It will take weeks to clean up a huge discharge of raw sewage that today poured into Lake Taupō after a wastewater pipe broke on the lakefront.
The main burst just after 2pm and about an hour later the footpath collapsed and took out a wastewater pipe, causing an unknown quantity of wastewater to enter the lake for up to 1.5 hours.
Taupō mayor David Trewavas said the amount of wastewater entering the lake was now down to a trickle.
It was devastating that this had happened to one of the cleanest lakes in the world but it appeared to be an act of nature, he said.
Residents in Taupō township have been told not to flush their toilets for at least tonight and are being warned to stay out of the water.
Businesses are still running as usual.
Taupō District Council chief executive Gareth Green said contractors had temporarily repaired the wastewater pipe by using overland pipes, hoses and pumps until a more stable solution was in place. It would take weeks for the permanent repairs to be done.
"We urgently need Taupō residents to refrain from flushing and putting water into the wastewater system until further notice," he said.
He said between 70 and 80 per cent of Taupō's wastewater had been pouring straight into the lake and the council could not be confident more wasn't entering the lake.
Green did not have an exact figure of how much wastewater had gone into the lake, but it was a "substantial volume".
Lake Terrace between Ruapehu St and Ferry Rd is closed for assessment.
The pipe went under the bridge to Nukuhau, and affected residents reported no water and low pressure.
The council is advising people to avoid flushing toilets and taking showers, and against any other unnecessary water use such as doing the laundry.
"Every litre they don't flush at the moment is a litre less that has gone into the lake."
Waka Ama paddlers have also been advised to stay out of the lake until further notice.
Green said being winter there was very little recreational activity on the lake, but urged people to steer clear.
A Hamilton City Council spokeswoman said a notification was recieved from Taupo District Council and Waikato District Health Board outlining what had happened so precautionary measures at the water treatment plant could be put into place if needed.
"We are closely monitoring the Waikato River quality for any significant change and if needed we are able to shut down the plant and operate off our stored water in reservoirs around the city. There are no concerns regarding the quality of Hamilton's drinking water as a result of this event."
Taupo District council was working with Waikato Regional Council and iwi to begin the clean-up although it was unclear how long it would take.

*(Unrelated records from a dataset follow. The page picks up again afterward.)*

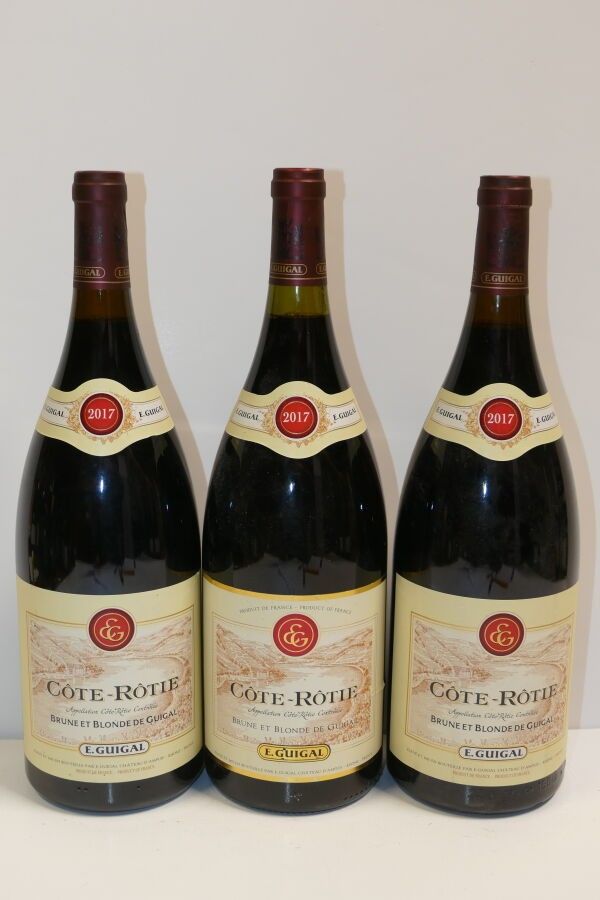 3 Magnums Côte Rôtie Brune et Blonde 2017 Domaine Etienne Guigal traces of red marker on the top of the capsules Expert: Emilie Gorreteau
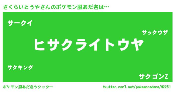 | 男性向けラノベタイトル風あだ名 | 『ダンジョンにさくらいとうやを求めるのは間違っているだろうか』 |
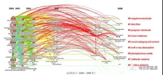 鋰離子二次電池仍然是研究的主體,與階段 1 相比,增加了許多其它出現(xiàn)強度較高的關(guān)鍵詞,例如:new layered cathode material,graphite particles, electrodeposited Sn-Ni alloy film, high capacity anode material, Silicon-based insertion anodes, camphor-pyrolysed carbon electrode, particle size; carbon nanotube, microstructure,cycle stability, new layered cathode material, mobile phones, negative electrode , carbon fiber , thermosetting resin , nano-Si anode , graphite particle size , heavy metal characterization ,mobile phone, carbon nanotube 等。從聚類中的關(guān)鍵詞可以看出,正極、負極材料仍然是研究的熱點。由于聚合物鋰離子具有安全性能好、薄、重量輕、容量大的優(yōu)點,這類材料成為研究的新熱點。對第 2 階段的關(guān)鍵詞進行突發(fā)性檢測,關(guān)鍵詞的突發(fā)性檢測反映了這類關(guān)鍵詞頻次突然上升,體現(xiàn)研究的熱點。此階段發(fā)現(xiàn)了 LiMn2O4, LiNiO2,LixCoO2,dioxide,lithium intercalation(嵌鋰)等 26 個突現(xiàn)關(guān)鍵詞,延續(xù)了上一階段的研究熱點,鋰的氧化物研究仍然比較多,并且類型更加豐富。納米管(nanotube)、納米顆粒(nanoparticle)、納米結(jié)構(gòu)(nanostructure)這類與納米有關(guān)的關(guān)鍵詞的突現(xiàn)強度在短短 5 年內(nèi)達到較大的值, Si 基負極材料(novel category Si3-xMxN4)、碳負極材料(carbon material)、碳纖維(carbon fiber)負極料出現(xiàn)頻次多。說明利用納米材料或是借助于納米方法研究二次電池成為后續(xù)研究新的熱點,從第 3 階段的發(fā)文量可以反映出,以崔屹教授為代表,開始研究 Si nanowire 高能量密度鋰電池負極材料,他們針對高能量密度電極材料在循環(huán)中面臨的結(jié)構(gòu)穩(wěn)定性差的問題,制備結(jié)構(gòu)穩(wěn)定性好的納米材料,尤其是對鋰二次電池中極具潛力的硅負極(理論比容量高達 4200 mAh g-1)進行了深層次的研究。納米材料在解決高能量密度電極材料的巨大優(yōu)勢引起較高的關(guān)注。
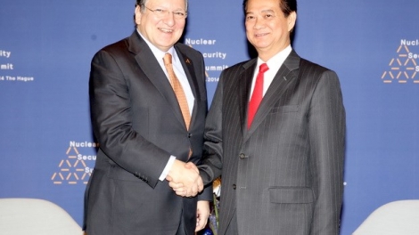 (VOVworld)-នាថ្ងៃទី២៥សីហា ប្រធានគណៈកម្មការ អឺរ៉ុប(EC)លោក Jose Manuel Baroso បានចាប់ផ្តើម ដំណើរទស្សនកិច្ចជាផ្លូវការនៅវៀតណាមតាមសេច ក្តីអញ្ជើញរបស់នាយករដ្ឋមន្ត្រីលោក Nguyen Tan Dung។ នេះជាដំណើរ ទស្សនកិច្ច លើកទី២របស់លោក Baroso ក្នុងថានៈជាប្រធានEC និង សម្តែងនូវទំនាក់ទំនងដែលកំពុងមានការអភិវឌ្ឍន៍យ៉ាងខ្លាំងក្លារពីមួយ ថ្ងៃទៅមួយថ្ងៃរវាងវៀតណាមនិងសហភាពអឺរ៉ុប EU។
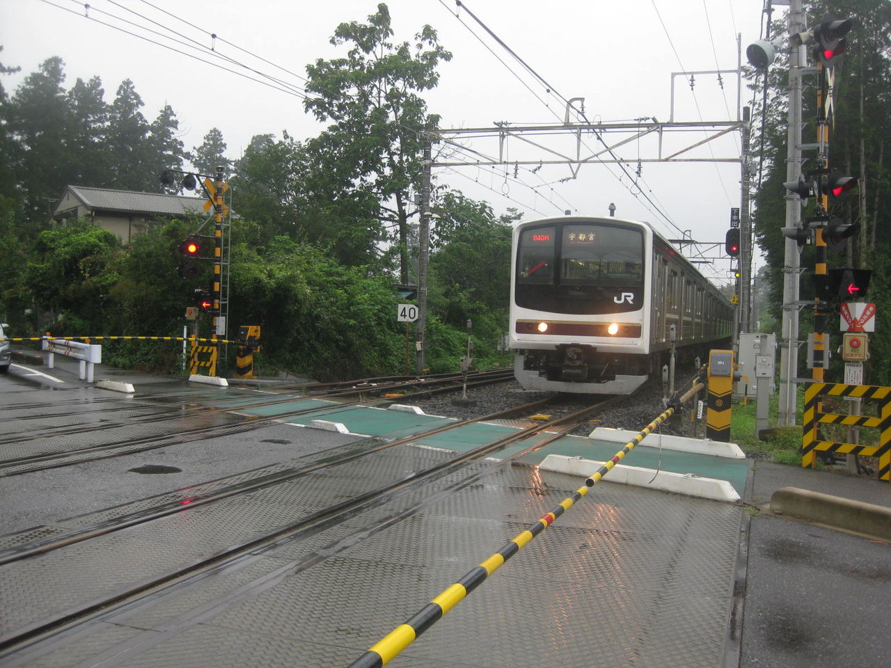 文鋏駅の踏切でJR日光線をパチリ。 鉄分補給?
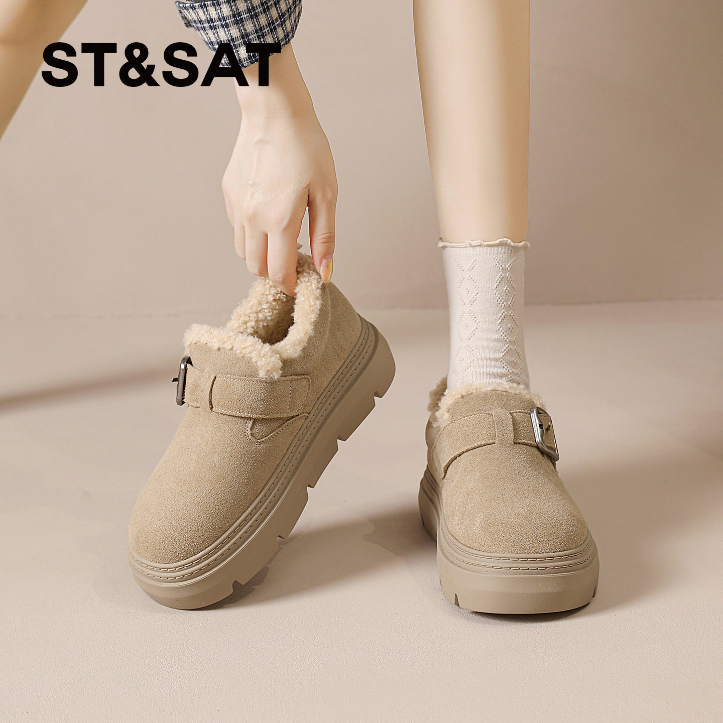 星期六真皮厚底勃肯鞋女2025新款冬季女鞋加厚加绒雪地靴防滑棉鞋

People have commented on social media that they were "shocked" and "saddened" and worried that the lake's clean green image would be ruined forever.
Julia Smith said Kiwi councils seemed to have a slack attitude towards their supposedly pristine environments and wildlife. "Raw sewage into their waterways but also freeways built straight thru wildlife corridors without any care or consideration of the death & devastation this causes!"
Colin Smith said the council needed to be held to account over the Taupo spill when farmers like him were made to paid high rates and were restricted on the amount of stock to protect the lake.
Others questioned whether they would be able to swim in the lake by summer.